> [Instructions to follow]: With every picture left out, restate the listing below exactly as written.

> [Available data]:
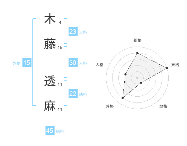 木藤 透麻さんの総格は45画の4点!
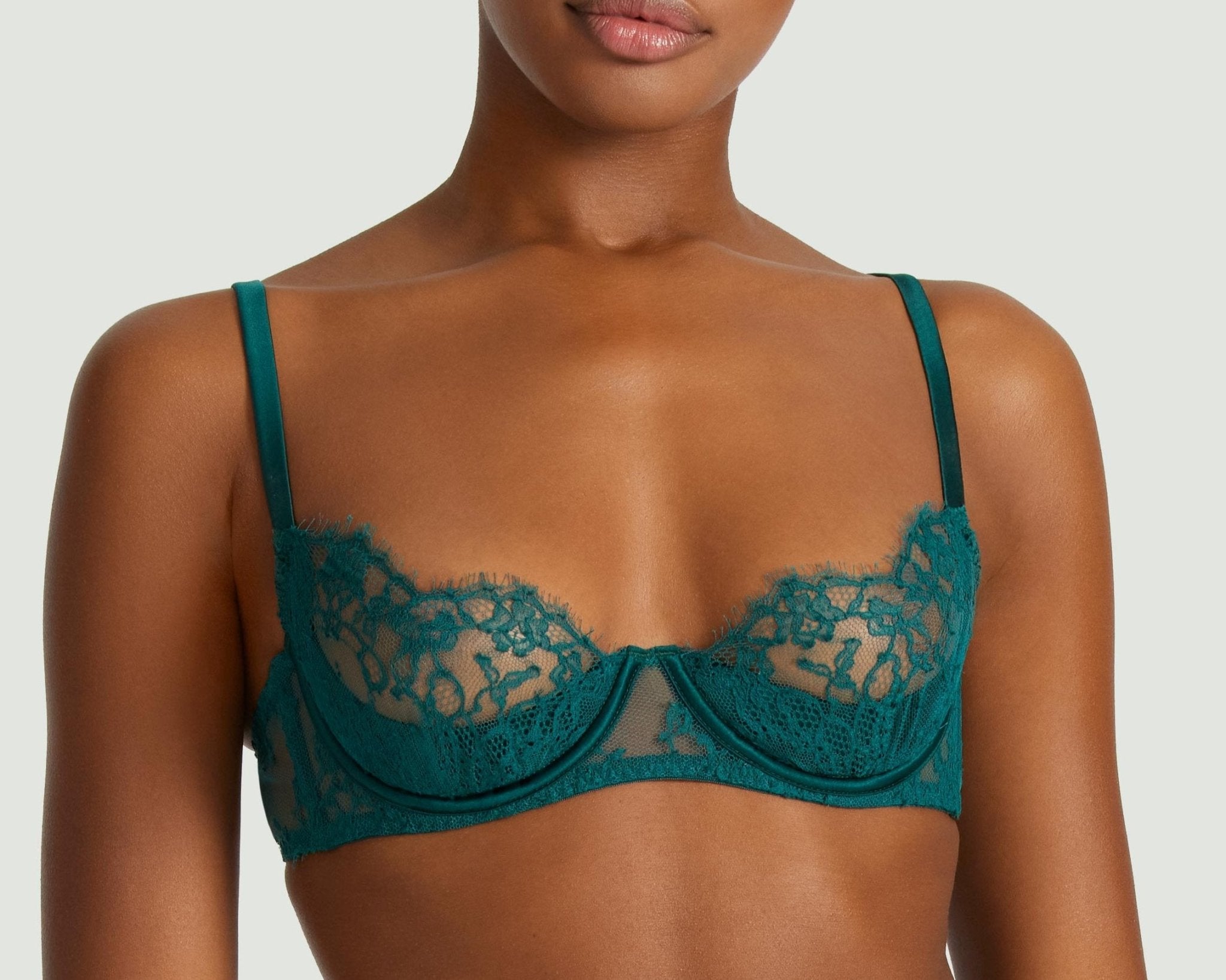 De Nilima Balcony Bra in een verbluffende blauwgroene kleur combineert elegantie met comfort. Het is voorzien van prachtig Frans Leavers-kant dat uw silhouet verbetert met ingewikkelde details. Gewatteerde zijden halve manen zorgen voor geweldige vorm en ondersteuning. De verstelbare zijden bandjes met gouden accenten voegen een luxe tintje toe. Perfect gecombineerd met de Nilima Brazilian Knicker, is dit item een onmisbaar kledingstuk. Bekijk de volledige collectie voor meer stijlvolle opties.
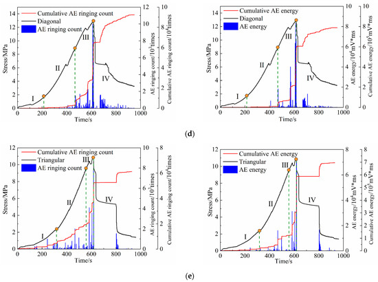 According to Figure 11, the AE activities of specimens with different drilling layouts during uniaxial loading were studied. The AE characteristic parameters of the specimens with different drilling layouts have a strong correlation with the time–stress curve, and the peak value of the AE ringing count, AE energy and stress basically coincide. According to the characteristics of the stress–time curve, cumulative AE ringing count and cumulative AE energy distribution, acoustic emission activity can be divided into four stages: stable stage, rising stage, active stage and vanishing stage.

> [Solution for this exercise]:
 木藤 透麻さんの総格は45画の4点!
 De Nilima Balcony Bra in een verbluffende blauwgroene kleur combineert elegantie met comfort. Het is voorzien van prachtig Frans Leavers-kant dat uw silhouet verbetert met ingewikkelde details. Gewatteerde zijden halve manen zorgen voor geweldige vorm en ondersteuning. De verstelbare zijden bandjes met gouden accenten voegen een luxe tintje toe. Perfect gecombineerd met de Nilima Brazilian Knicker, is dit item een onmisbaar kledingstuk. Bekijk de volledige collectie voor meer stijlvolle opties.
 According to Figure 11, the AE activities of specimens with different drilling layouts during uniaxial loading were studied. The AE characteristic parameters of the specimens with different drilling layouts have a strong correlation with the time–stress curve, and the peak value of the AE ringing count, AE energy and stress basically coincide. According to the characteristics of the stress–time curve, cumulative AE ringing count and cumulative AE energy distribution, acoustic emission activity can be divided into four stages: stable stage, rising stage, active stage and vanishing stage.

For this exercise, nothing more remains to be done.